## EXERCISE DETAILS
The entries below should be repeated exactly, with no pictures carried over.

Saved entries
# # # # # # #
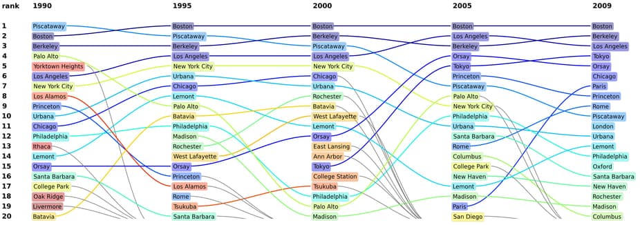Esta imagen muestra el ranking de las mayores «ciudades científicas» para los años 1990, 1995, 2000, 2005 y 2009. Las líneas de colores muestran los cambios de cada ciudad en su posición en el ranking. Las líneas grises muestran las ciudades que desaparecen del top 20.
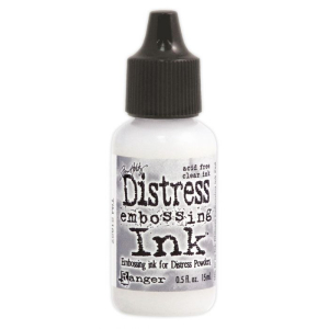 Distress embossing glaze is een nieuw soort embossing poeder. Deze is namelijk niet dekkend, maar transparant! Hierdoor kun je je achtergrond verwerken in je ontwerpen. Ideaal voor het toevoegen van dimensie en transparante kleuren aan je projecten.
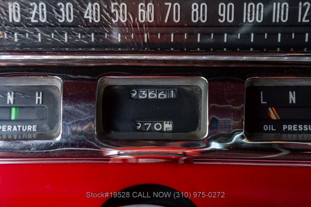 Power comes from Buick's well-known "Nailhead" V8 paired with an automatic transmission. Additional equipment includes chrome bumpers, the signature Sweepspear side molding, dual exhaust outlets, chrome hubcaps, and wide whitewall tires. Inside, the cabin features front and rear bench seating upholstered in Red Cordaveen, a three-spoke steering wheel with horn ring, vent windows, an analog clock, glove box, and a Sonomatic push-button radio. The trunk houses a jack along with a full-size spare tire.
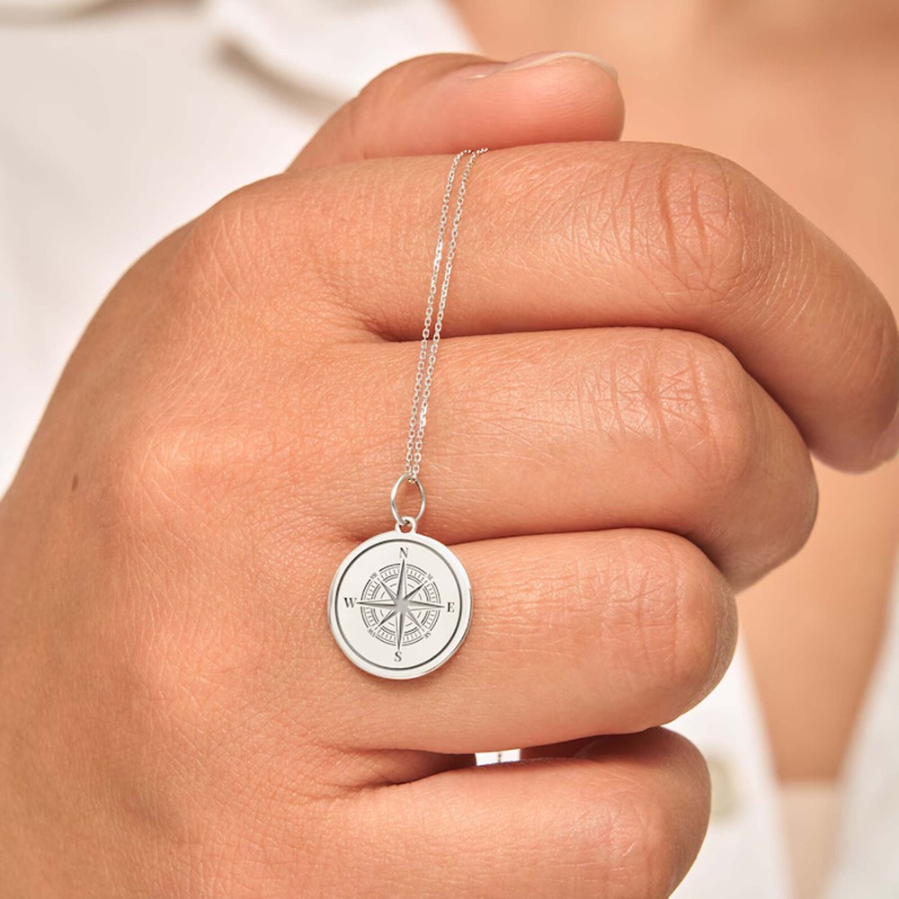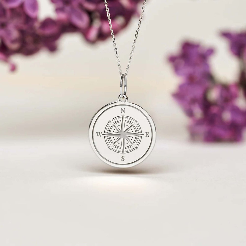 Personalized 925 Sterling Silver Nautical Dainty Compass Pendant for Her
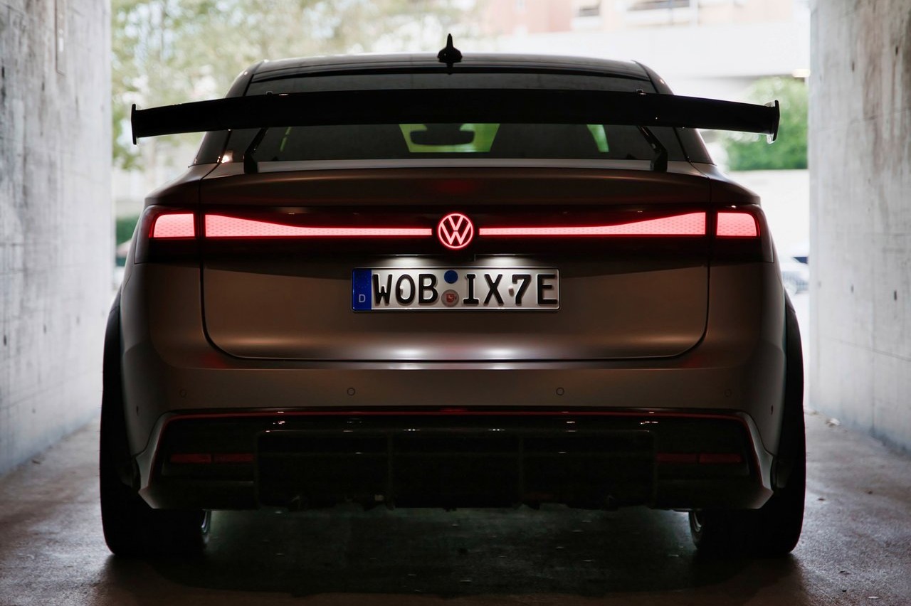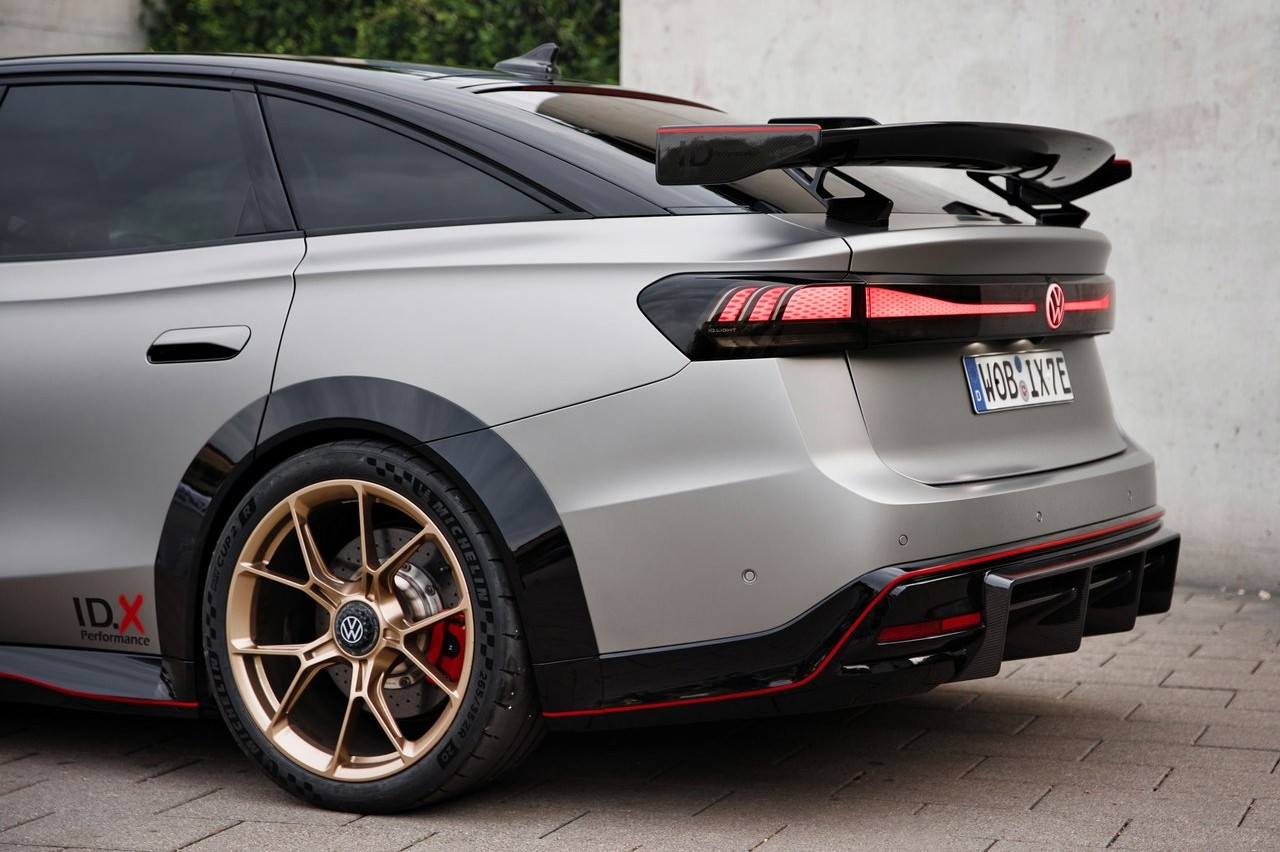 Empezamos por el aspecto de la berlina eléctrica alemana. En el exterior encontramos numerosos elementos que demuestran el carácter deportivo del ID.X Performance, como el splitter delantero el difusor trasero de carbono. Luce unas llantas de 20 pulgadas con una tuerca central monoblock, envueltas en unos neumáticos de competición de 265. Atrás, llama la atención alerón de carbono, que garantiza la carga aerodinámica necesaria, mientras que las ópticas traseras tintadas acentúan el aspecto deportivo de la berlina eléctrica.
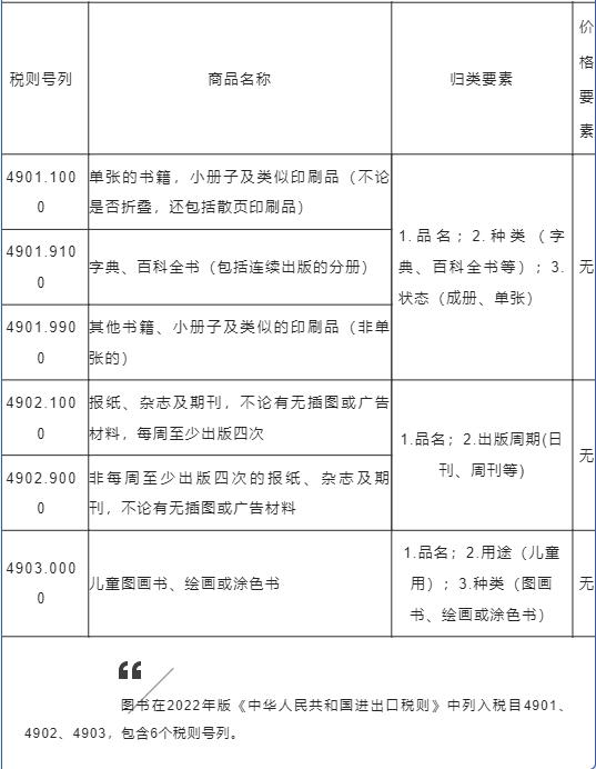 根據(jù)《中華人民共和國海關(guān)進(jìn)出口商品規(guī)范申報目錄及釋義(2022)》的規(guī)定,企業(yè)申報進(jìn)口圖書應(yīng)明確申報以下要素:(如下表)
# # # # # # #
## WRITTEN RESPONSE
Esta imagen muestra el ranking de las mayores «ciudades científicas» para los años 1990, 1995, 2000, 2005 y 2009. Las líneas de colores muestran los cambios de cada ciudad en su posición en el ranking. Las líneas grises muestran las ciudades que desaparecen del top 20.
 Distress embossing glaze is een nieuw soort embossing poeder. Deze is namelijk niet dekkend, maar transparant! Hierdoor kun je je achtergrond verwerken in je ontwerpen. Ideaal voor het toevoegen van dimensie en transparante kleuren aan je projecten.
 Power comes from Buick's well-known "Nailhead" V8 paired with an automatic transmission. Additional equipment includes chrome bumpers, the signature Sweepspear side molding, dual exhaust outlets, chrome hubcaps, and wide whitewall tires. Inside, the cabin features front and rear bench seating upholstered in Red Cordaveen, a three-spoke steering wheel with horn ring, vent windows, an analog clock, glove box, and a Sonomatic push-button radio. The trunk houses a jack along with a full-size spare tire.
 Personalized 925 Sterling Silver Nautical Dainty Compass Pendant for Her
 Empezamos por el aspecto de la berlina eléctrica alemana. En el exterior encontramos numerosos elementos que demuestran el carácter deportivo del ID.X Performance, como el splitter delantero el difusor trasero de carbono. Luce unas llantas de 20 pulgadas con una tuerca central monoblock, envueltas en unos neumáticos de competición de 265. Atrás, llama la atención alerón de carbono, que garantiza la carga aerodinámica necesaria, mientras que las ópticas traseras tintadas acentúan el aspecto deportivo de la berlina eléctrica.
 根據(jù)《中華人民共和國海關(guān)進(jìn)出口商品規(guī)范申報目錄及釋義(2022)》的規(guī)定,企業(yè)申報進(jìn)口圖書應(yīng)明確申報以下要素:(如下表)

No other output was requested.